Is this formulation correct? Or I misunderstood the problem.

Answer 1

If I represent the given constraints using two tables, the formulation for this cost minimization problem will be clear.

\begin{array}{crrrr} \text{raw material} & \text{cost per unit} & \text{product $A$} & \text{product $B$} & \text{number of units processed} \\ I & \text{Rs. 80} & 0.5 & 0.5 & x \\ II & \text{Rs. 50} & 0.4 & 0.6 & y \end{array}

From the above table, we can see that the amount of solutions $A$ and $B$ produced are $0.5x + 0.4y$ and $0.5x + 0.6y$ respectively.

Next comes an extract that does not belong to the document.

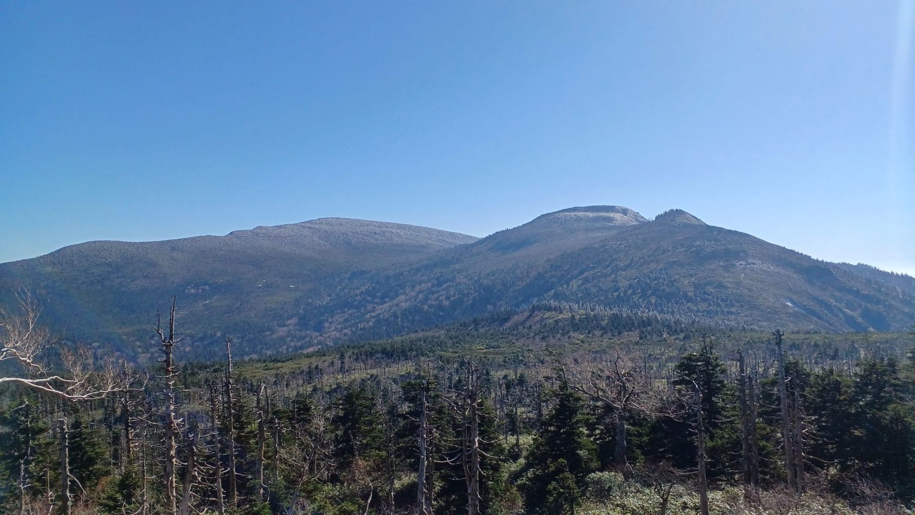 遠目からでも、尾根あたりがうっすらと白くなっています。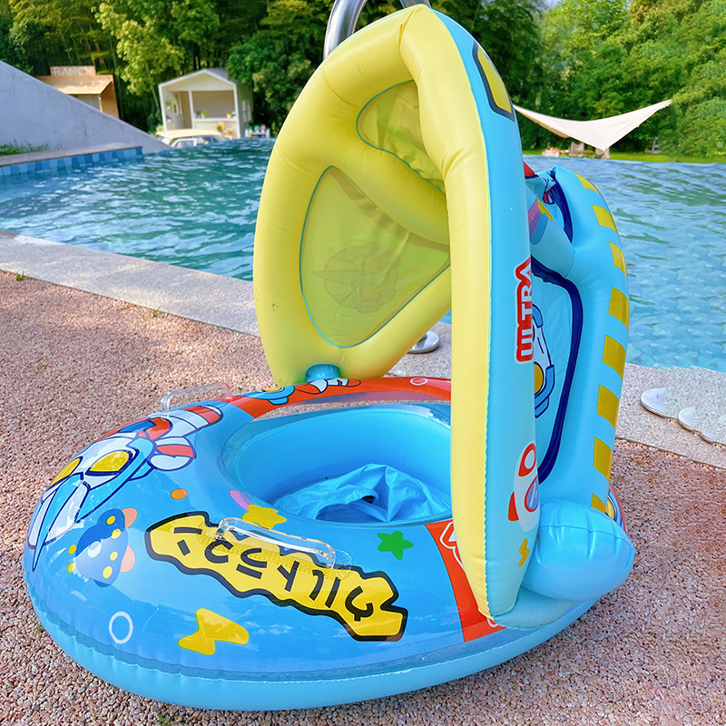 クロスボーダーの新しい商品は日よけの日焼け止めのピンクの人魚の子供の座輪の赤ちゃんの水泳輪と取っ手を持っています。

\begin{array}{crrrr} \text{product} & \text{number of units produced} & \text{min. daily demand} & \text{max. daily demand} \\ A & 0.5x + 0.4y & 10 & 15 \\ B & 0.5x + 0.6y & 12 & 20 \end{array}

Hence, the LPP should be formulated as

$$\min z= 80x + 50y$$ subject to \begin{align} 0.5x + 0.4y &\ge 10 \\ 0.5x + 0.4y &\le 15 \\ 0.5x + 0.6y &\ge 12 \\ 0.5x + 0.6y &\le 20. \end{align}